───── Source material
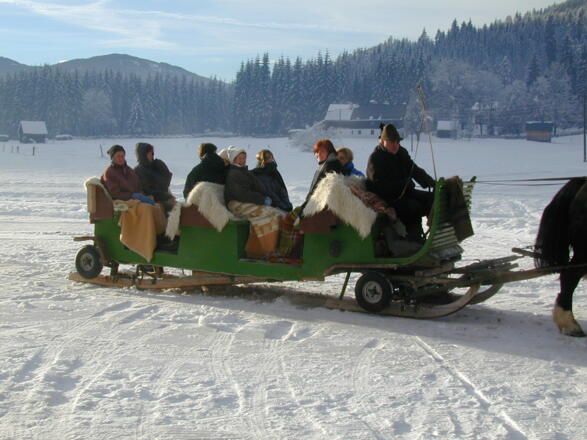 von Rußbach: Bus Richtung Gosau, bei der Endstation "Gosau Abzweigung Pass Gschütt" umsteigen in den Bus Richtung Gosausee, bei der Haltestelle "Hintertal b. Gosau Schmiedweg" aussteigen. Der Gasthof befindet sich auf der rechten Seite.
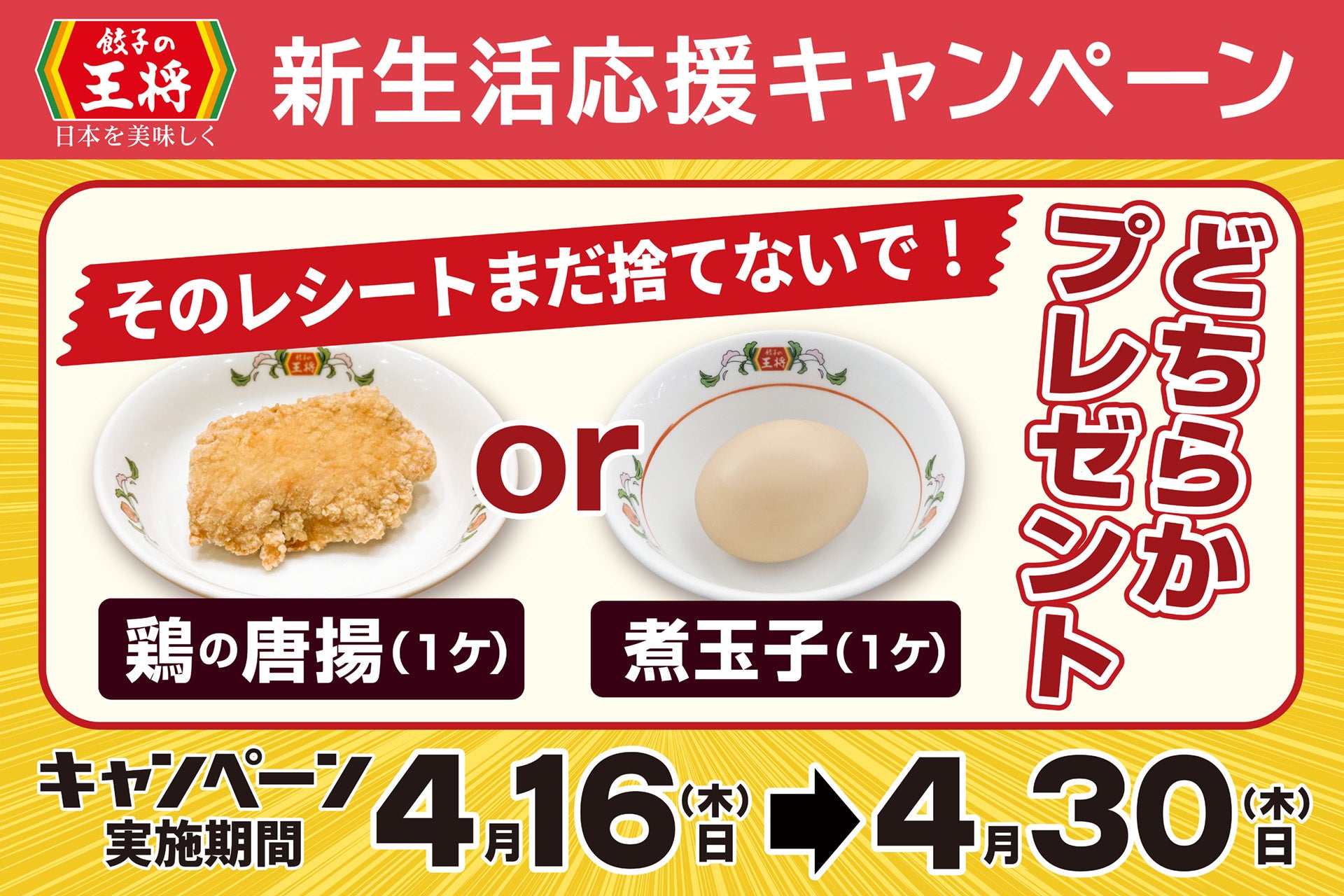 d11353-204-b3a18c7dc09886f253143a4efb40d3ba.pdf株式会社王将フードサービス(本社 京都府京都市 代表取締役社長 渡邊直人)は、新生活が始まるこの時期に、餃子の王将でのお食事をより気軽にお楽しみいただけるよう、「新生活応援キャンペーン」として、2つのお得な企画を実施いたします。
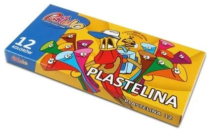 Plastelina 12 kolorów. Przeznaczona do zabawy, nauki modelowania, tworzenia prac plastycznych, odciskania, wykrawania foremkami. Elastyczna, łatwa do modelowania, intensywne kolory. Nie brudzi rąk i nie przywiera do podłoża. Wyprodukowane w Polsce.
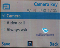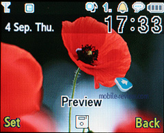 ![]() Традиционно есть три степени сжатия снимка (файла JPEG). Ночной режим, регулировка баланса белого, отключение звука затвора. Можно установить таймер на 3, 5 и 10 секунд. Эффекты представлены такими, как Grey, Negative, Sepia, Watercolour. Можно снимать сериями снимков по 6 или 15 с различной скоростью, промежутком между снимками. Есть режим мозаичных снимков, наконец, присутствуют рамки для фотографий. Видео. Запись видео возможна в разрешении 176х144 и 128х96 точек, при этом может стоять ограничение по размеру для MMS-сообщения, или запись будет происходить без такового. Качество видео среднее, не на уровне современных аппаратов, где не редкость уже не только 240х320 точек, но и VGA-разрешение. К видео применяются те же эффекты, что и для фотографий, те же настройки качества. МенюГлавное меню представлено матрицей иконок (3х3). Все подменю имеют горизонтальные списки, если присутствует меню второго уровня, то справа от выбранного пункта появляется всплывающий список. Вы видите, какие подпункты содержатся в меню, по нажатию ОК переходите к ним в обычной манере. Если же отклонить навигационную клавишу влево или вправо, то можно попасть в соответствующий пункт сразу. Эргономика такого решения очевидна, экономится как минимум одно нажатие. Возможно также и отключить такой режим отображения, тогда телефон становится похож на модели других производителей, разницы в представлении меню не будет.
──────────
Return, unchanged, the lines from the first line of the material through the line that holds "Plastelina 12 kolorów.", inclusive, omitting pictures.

 von Rußbach: Bus Richtung Gosau, bei der Endstation "Gosau Abzweigung Pass Gschütt" umsteigen in den Bus Richtung Gosausee, bei der Haltestelle "Hintertal b. Gosau Schmiedweg" aussteigen. Der Gasthof befindet sich auf der rechten Seite.
 d11353-204-b3a18c7dc09886f253143a4efb40d3ba.pdf株式会社王将フードサービス(本社 京都府京都市 代表取締役社長 渡邊直人)は、新生活が始まるこの時期に、餃子の王将でのお食事をより気軽にお楽しみいただけるよう、「新生活応援キャンペーン」として、2つのお得な企画を実施いたします。
 Plastelina 12 kolorów. Przeznaczona do zabawy, nauki modelowania, tworzenia prac plastycznych, odciskania, wykrawania foremkami. Elastyczna, łatwa do modelowania, intensywne kolory. Nie brudzi rąk i nie przywiera do podłoża. Wyprodukowane w Polsce.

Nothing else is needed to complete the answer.